Print exactly the lines below between the line containing "Fabric By the" and the line containing "Tommy Bahama Shirt", counting both of those lines. Leave pictures out.

**DATA TO USE**
——————————
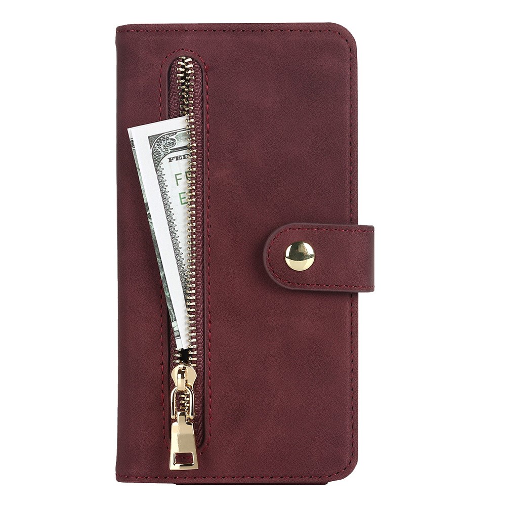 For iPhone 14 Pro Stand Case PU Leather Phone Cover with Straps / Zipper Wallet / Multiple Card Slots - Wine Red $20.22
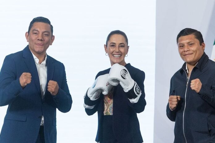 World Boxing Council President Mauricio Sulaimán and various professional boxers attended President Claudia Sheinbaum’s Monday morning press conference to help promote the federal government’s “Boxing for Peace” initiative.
——————————
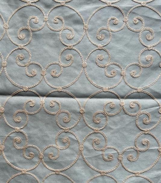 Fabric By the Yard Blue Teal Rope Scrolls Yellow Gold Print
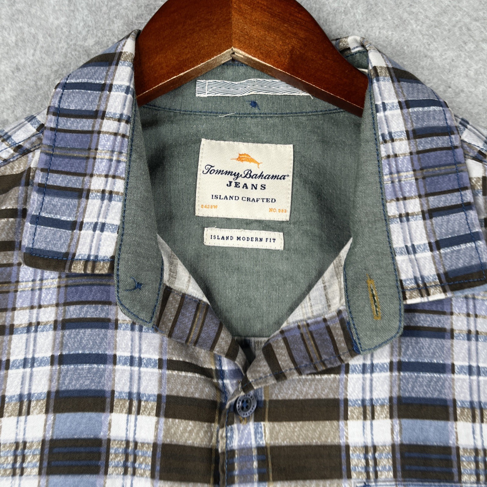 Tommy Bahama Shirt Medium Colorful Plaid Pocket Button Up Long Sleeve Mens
——————————
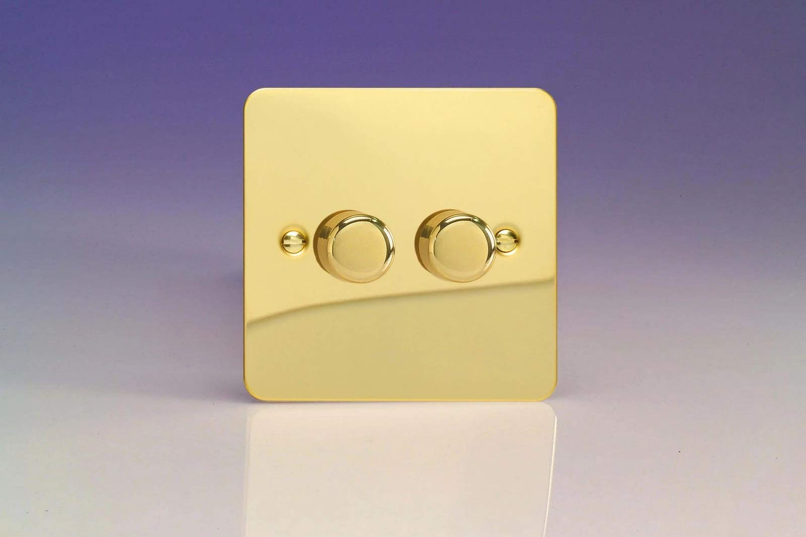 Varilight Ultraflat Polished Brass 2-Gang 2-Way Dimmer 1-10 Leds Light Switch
——————————
**OUTPUT FOR THIS TASK**
 Fabric By the Yard Blue Teal Rope Scrolls Yellow Gold Print
 Tommy Bahama Shirt Medium Colorful Plaid Pocket Button Up Long Sleeve Mens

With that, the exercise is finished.